Da escritora Graziela Veiga


                                               
MEMÓRIAS DO SISMO DE 1980, VIVIDO NA PRIMEIRA PESSOA! (eu)   

Naquele dia, 1 de Janeiro de 1980, amanhecera  um dia calmo, sem grandes sobressaltos, pois a passagem de ano tinha decorrido com normalidade em nossa casa, como prática do costume daquela época. 
Eu e o meu pai andávamos constipados. O meu pai encontrava-se de cama há mais de uma semana, com febre. 
Na manhã desse dia, levantei-me cedo e fui com a minha mãe à Celebração da Missa às sete horas. Logo que chegamos a casa, a minha mãe sugeriu a meu pai que se levantasse e tomasse banho, pois já se encontrava com melhoras, e também para evitar estar sempre na cama, por não ser benéfico. E assim foi. 
Eu, que me encontrava também constipada e com uma pequena crise de asma, voltei a deitar-me depois do almoço. 
Era cerca das quinze horas, levantei-me. Lembro-me que lavei o rosto e sentei-me em frente a um psiché a pentear-me. Já passava das quinze e trinta, quando de repente, noto o espelho a tremer. Como já tinha passado por sismos, embora de pequena magnitude, deixei-me ficar, pensando que iria passar. Mas não. Continuava mais e mais... 
Aflita e desorientada, corri pelo corredor interior à casa, em direcção à cozinha, onde eu sabia encontrar-se o meu pai. Lembro-me que tive muita dificuldade no andar, pois o chão mexia e revirava-se, e além disso, a casa ruía toda à volta. Lá consegui chegar à cozinha e abracei o meu pai, onde permanecemos juntos até ao fim daquela destruição. Recordo que o meu pai me disse que era o fim, pois dali não escaparíamos. Por milagre, olhámos à volta e já tinha parado. E por incrível que pareça, eu e meu pai ficáramos intactos, no meio da cozinha, abraçados e a vermos o exterior, pois toda a casa estava em ruínas, excepto o círculo em que nós estávamos. Acredito ter sido um milagre. E outros aconteceram...

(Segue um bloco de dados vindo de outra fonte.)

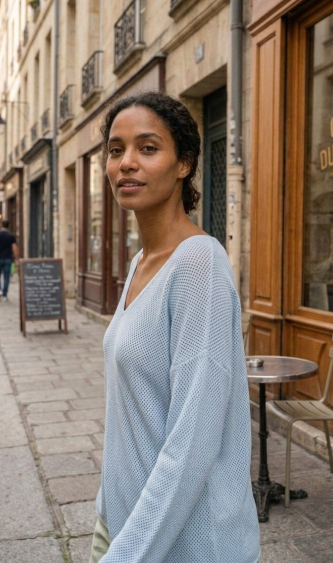 Jersey de hilo en punto de rejilla color celeste.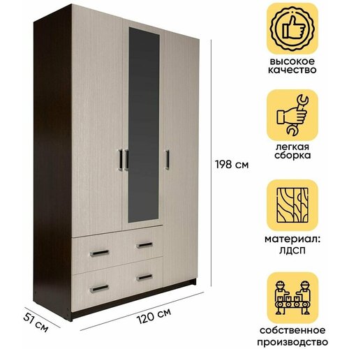 Шкаф распашной Космос 3х дверный с зеркалом и ящиками 1200, Дуб белфорт/Венге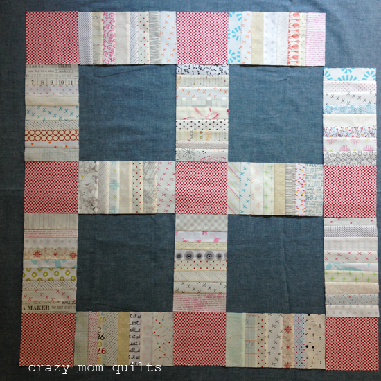 If you look closely at the block, you will notice that one of my strips was just a touch short (less than 1/16"), but that will be hidden in the seam allowance, so I am not too worried about it. If that strip would have been much shorter, I would have removed it and added a new one. :)

Passados uns minutos, lembrei-me da minha mãe que tinha ido ao quintal. Falei a meu pai nela, ao que ele me respondeu que da forma que as coisas estavam, certamente estaria morta, uma vez que as duas casas que tínhamos e atafona, tinham ficado caídas. 
Havia um denso fumo que brotava da terra. Uma espécie de ruído indescritível. Gritos, lamentos. Por momentos, fez-se silêncio. As pessoas estavam atónitas. 
Ao fim de alguns minutos, saí por cima dos escombros, com o meu pai e vimos a minha mãe cercada de pedra numa espécie de círculo, também ela intacta, com tudo caído à sua volta. Impressionante! 
Visto que nós estávamos bem, restava saber da família, ou seja, dos meus outros cinco irmãos, dispersos. E em pouco tempo, vieram ter ao sítio onde moravam, e a minha mãe foi recebendo um por um, dando graças a Deus, pois estávamos todos salvos. Essa era a sua maior preocupação. Os bens materiais, naquele momento, deixaram de ter qualquer importância. 
Começámos a olhar em redor, e tudo era destruição. Não havia casas no ar. Estavam todas danificadas. 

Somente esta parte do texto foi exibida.